Он присаживается на постель, стягивает с нее одеяло, поднимает рубашку. В то время, как он это делает, она словно в ожидании делает глубокий вдох. Он ощупывает большие пальцы ног.

ХЬЮМАН: Чувствуете что-нибудь?

СИЛЬВИЯ: Ну… не совсем.

ХЬЮМАН: Я ущипну вас за палец. Вы готовы?

СИЛЬВИЯ: Да.

Он сильно щиплет ее большой палец, она не реагирует. Он кладет ладонь на ее ногу.

ХЬЮМАН: Ваша кожа несколько холодна. У вас утратится напряжение в мускулах, если вы не будете двигаться. Потом ноги ваши постепенно станут тоньше и тоньше, будут хиреть.

СИЛЬВИЯ: (готова заплакать). Я знаю..!

ХЬЮМАН: А посмотрите, какие у вас красивые ноги, Сильвия! Боюсь, вы чувствуете себя неплохо в этом положении.

СИЛЬВИЯ: Да нет же!
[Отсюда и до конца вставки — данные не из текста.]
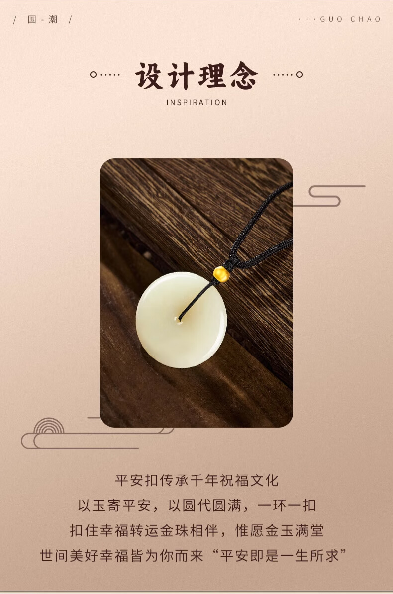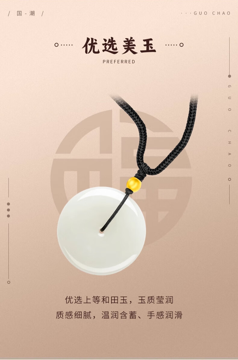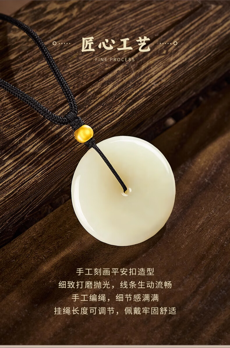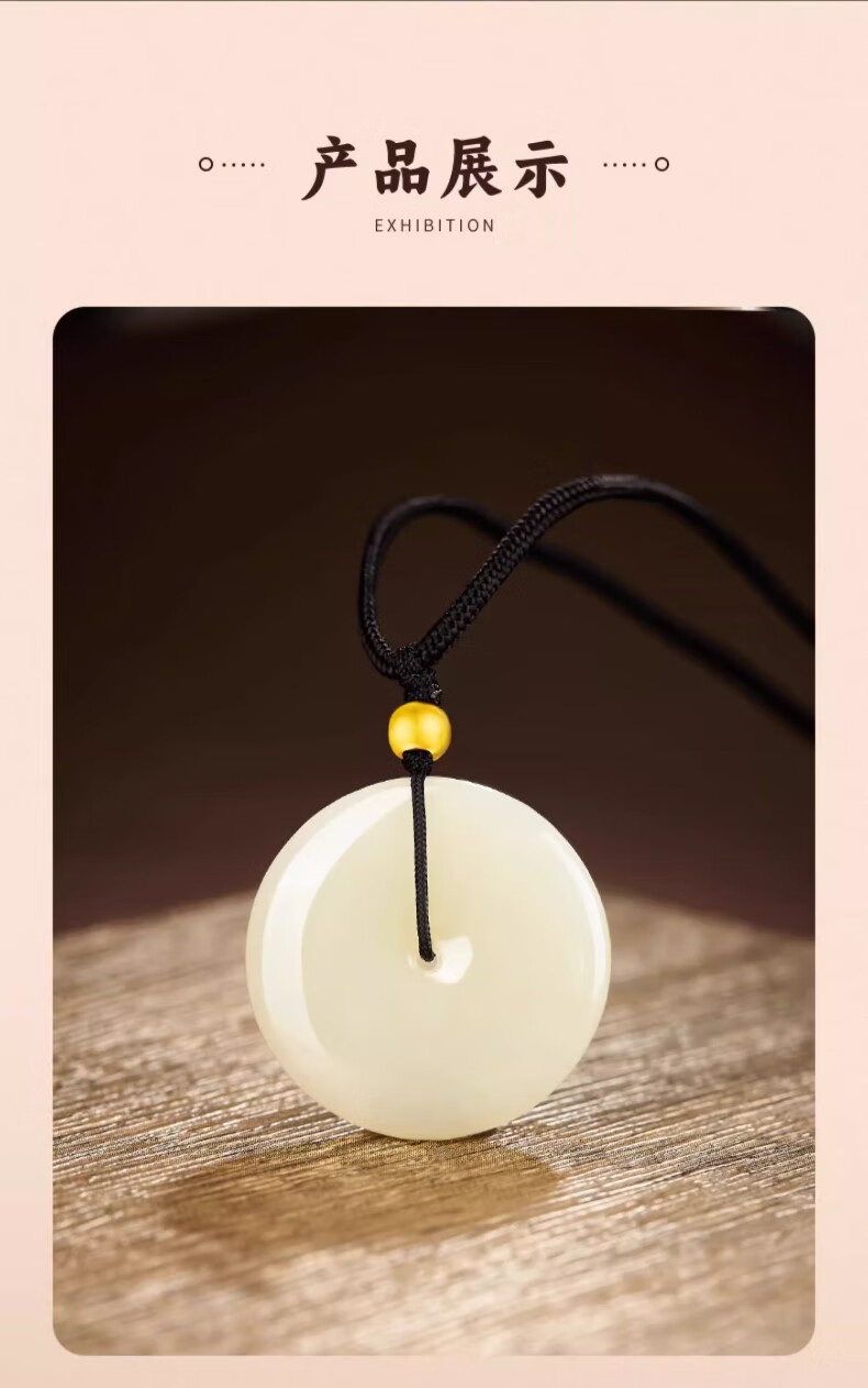 China Gold (CHINA GOLD) Hetian Jade Necklace Women's Foot Gold Peace Buckle Pendant Jade Jade Pendant for Mom, Girlfriend and Wife Jingsuda* Peace Buckle Necklace Gold Beads About 0.11g + Black Rope

Я пытаюсь двигать ими.

ХЬЮМАН: Но посмотрите-ка: сейчас уже одиннадцать часов, а вы нежитесь в постели, словно еще глубокая ночь.

СИЛЬВИЯ: Но я пыталась..! Вы уверены, что это все-таки не вирус?

ХЬЮМАН: Абсолютно уверен, Сильвия. У вас красивое крепкое тело…

СИЛЬВИЯ: Но я ничего не могу поделать, я ничего не чувствую.

Она выпрямляется, обратив лицо прямо к нему, он вроде хочет обнять ее, но встает и резко уходит, затем вновь оборачивается к ней.

ХЬЮМАН: Мне, правда, нужно найти вам кого-нибудь другого.

СИЛЬВИЯ: Почему это? Никакого другого я не хочу!

ХЬЮМАН: Вы знаете, что вы – очень привлекательная женщина?

Сильвия глубоко взволнована, смущенно отводит взгляд.

Послушайте, Сильвия, я уже давно не встречал столь волнующей меня женщины, как вы.

СИЛЬВИЯ: … Вам не надо никого больше искать для меня.

Пауза.

ХЬЮМАН: Скажите мне правду, Сильвия. Как это с вами случилось?

Сильвия отводит взгляд. Страх ее увеличивается по мере того, как он говорит.

Хочу быть с вами предельно откровенным. Я думал, что все гораздо проще, чем оказалось. Не хочу манипулировать вашим здоровьем, вы слишком много для меня значите. Знаю, что я тщеславен, и даже очень, но заблуждаться не хочу. Знаю, что вы хотите мне что-то сказать, но не знаю, как это из вас выудить.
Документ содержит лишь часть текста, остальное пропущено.